Я налил нам свежего кофе, она отхлебнула и продолжила:
– Мы ожидали рождения ребенка и некоторое время были счастливы, потом стали подумывать о браке. Джейс родился на месяц раньше срока, и мы поженились без пышных празднеств. Просто исполнили необходимую формальность. Мы чувствовали, но, возможно, так чувствовала только я, что надо узаконить появление ребенка на свет. Не думаю, что я хоть когда-нибудь любила Тревора. Нет, – и она покачала головой, – даже тогда я знала, что не люблю его и никогда не любила.
– Кэти, я уверен, что…
– Нет, – перебила она и подняла руку, словно хотела в чем-то поклясться, – я старалась его полюбить, но, думаю, никогда не любила, и по многим причинам, но как бы это дурно ни прозвучало, мне нравились его возможности. Так все и шло, пока я не узнала получше, что он за человек. Несмотря на видимость, Тревор не из тех людей, которые могут внушить настоящую любовь. Этот тонко чувствующий, культурный человек со связями был одновременно Джекиллом и Хайдом[17]. К тому же Джейс, рожденный еще вне брака, вызывал у него только неприязнь, стыд и раздражение.

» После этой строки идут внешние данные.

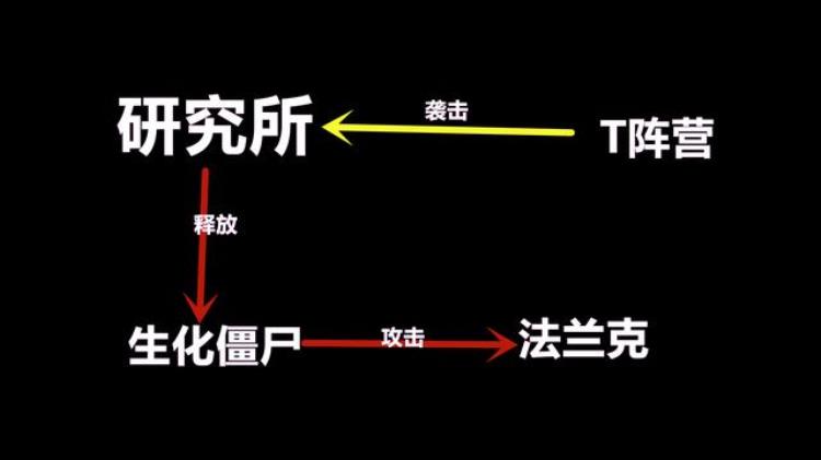 可后来,T阵营袭击了研究所,制造了爆炸事件,由于爆炸的缘故,大量的僵尸被释放出来了,开始肆无忌惮攻击起了爆炸事件的幸存者,这里也包含了法兰克,他被僵尸围堵的时候,为了活命,于是拆下了一个钩子绑在自己的手臂上和生化僵尸战斗,可终归是寡不敌众,被僵尸抓伤后成了他们的同类。

И с первого же дня его жизни начались трудности: он был неразвит, его легкие – слабыми, он спал днем и кричал всю ночь, а я, – и Кэти уничижительным жестом показала на грудь, – никогда не отличалась пышностью форм, и поэтому возникли сложности с кормлением.
Тревор зарабатывал хорошие деньги и не хотел, чтобы его жена уступала в чем-то разряженным в пух и прах дамам из его общества. И я должна была непременно поправиться. Стать полнее.
– Да, понимаю. – и я улыбнулся.
– О чем ты?
– Когда я видел тебя в последний раз без рубашки, ты была такая же плоская, как я сам, да к тому же узкогрудая, словно воробышек.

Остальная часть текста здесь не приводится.